Your reply should hold every entry below exactly as written and none of the pictures.

* [Data listing]
· · · · · · ·
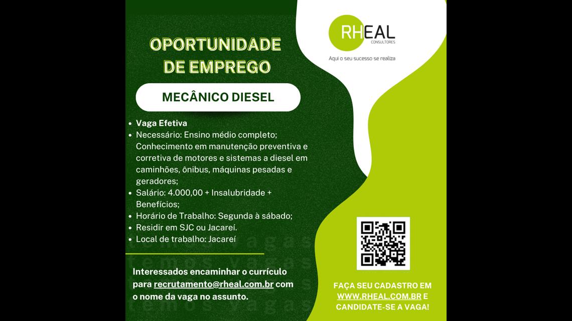 - Necessário: Ensino médio completo; Conhecimento em manutenção preventiva e corretiva de motores e sistemas a diesel em caminhões, ônibus, máquinas pesadas e geradores;
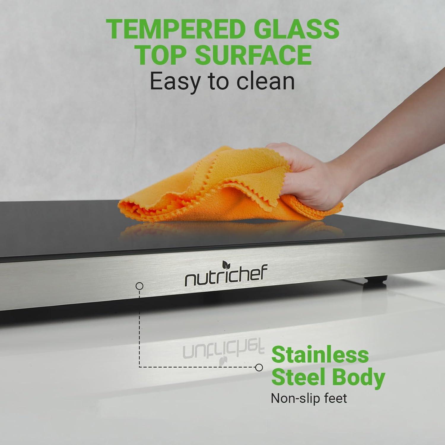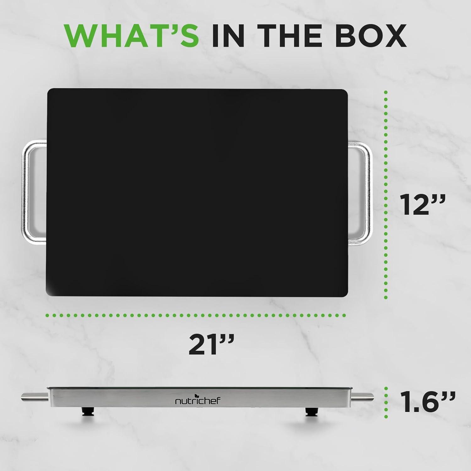 NON-STICK GLASS TOP: The food heater features heavy duty stainless steel construction, space-saving design, non-stick and heat resistant tempered glass surface w/ 16.5” L x 11.0” W heating tray size and an easy to clean surface
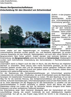 Endlich - in der jüngsten Sitzung des Gemeinderates wurde eine richtungsweisende Entscheidung getroffen: Das Dorfgemeinschaftshaus soll auf dem Gelände des Schwimmbads entstehen. Damit endet eine mehrjährige Diskussion über den geeigneten Standort für einen zentralen Treffpunkt.
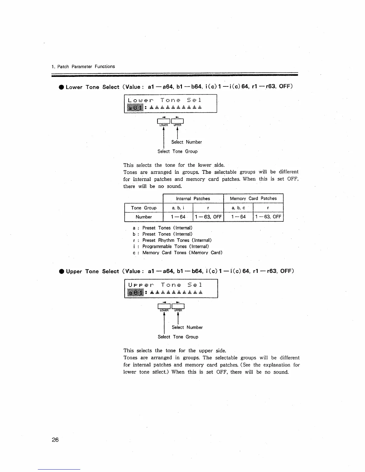 Roland D-5 - Lower Tone Select; Upper Tone Select
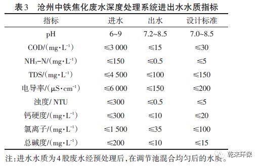 2.3.3 處理效果系統(tǒng)自2016年6月全線通水,已平穩(wěn)運(yùn)行6個(gè)多月,回用水水質(zhì)完全達(dá)到業(yè)主規(guī)定的設(shè)計(jì)標(biāo)準(zhǔn)。焦化廢水深度處理系統(tǒng)主要控制的9 項(xiàng)進(jìn)出水水質(zhì)指標(biāo)如表3所示。
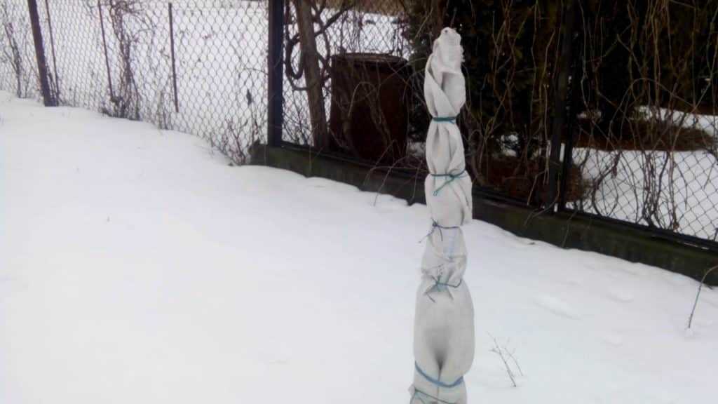 - Молодой саженец есть смысл защищать на зиму даже в южных регионах. Защита состоит в побелке стволика и обёртывании его бумагой, толем или нетканым материалом. От грызунов спасают привязанные еловые ветки или даже старые капроновые колготки. Подготовка к морозам для взрослых деревьев нужна только в регионах суровыми морозами. Она состоит в очистке и перекопке приствольного круга, побелке ствола и оснований скелетных ветвей известково-глиняным раствором с добавкой медного купороса, обёртывании ствола неткаными материалами, мульчировании приствольного круга. Зимой, если есть возможность наведываться в сад, под грушу можно набрасывать дополнительное количество снега с дорожек.
· · · · · · ·
* [Task answer]
 - Necessário: Ensino médio completo; Conhecimento em manutenção preventiva e corretiva de motores e sistemas a diesel em caminhões, ônibus, máquinas pesadas e geradores;
 NON-STICK GLASS TOP: The food heater features heavy duty stainless steel construction, space-saving design, non-stick and heat resistant tempered glass surface w/ 16.5” L x 11.0” W heating tray size and an easy to clean surface
 Endlich - in der jüngsten Sitzung des Gemeinderates wurde eine richtungsweisende Entscheidung getroffen: Das Dorfgemeinschaftshaus soll auf dem Gelände des Schwimmbads entstehen. Damit endet eine mehrjährige Diskussion über den geeigneten Standort für einen zentralen Treffpunkt.
 Roland D-5 - Lower Tone Select; Upper Tone Select
 2.3.3 處理效果系統(tǒng)自2016年6月全線通水,已平穩(wěn)運(yùn)行6個(gè)多月,回用水水質(zhì)完全達(dá)到業(yè)主規(guī)定的設(shè)計(jì)標(biāo)準(zhǔn)。焦化廢水深度處理系統(tǒng)主要控制的9 項(xiàng)進(jìn)出水水質(zhì)指標(biāo)如表3所示。
 - Молодой саженец есть смысл защищать на зиму даже в южных регионах. Защита состоит в побелке стволика и обёртывании его бумагой, толем или нетканым материалом. От грызунов спасают привязанные еловые ветки или даже старые капроновые колготки. Подготовка к морозам для взрослых деревьев нужна только в регионах суровыми морозами. Она состоит в очистке и перекопке приствольного круга, побелке ствола и оснований скелетных ветвей известково-глиняным раствором с добавкой медного купороса, обёртывании ствола неткаными материалами, мульчировании приствольного круга. Зимой, если есть возможность наведываться в сад, под грушу можно набрасывать дополнительное количество снега с дорожек.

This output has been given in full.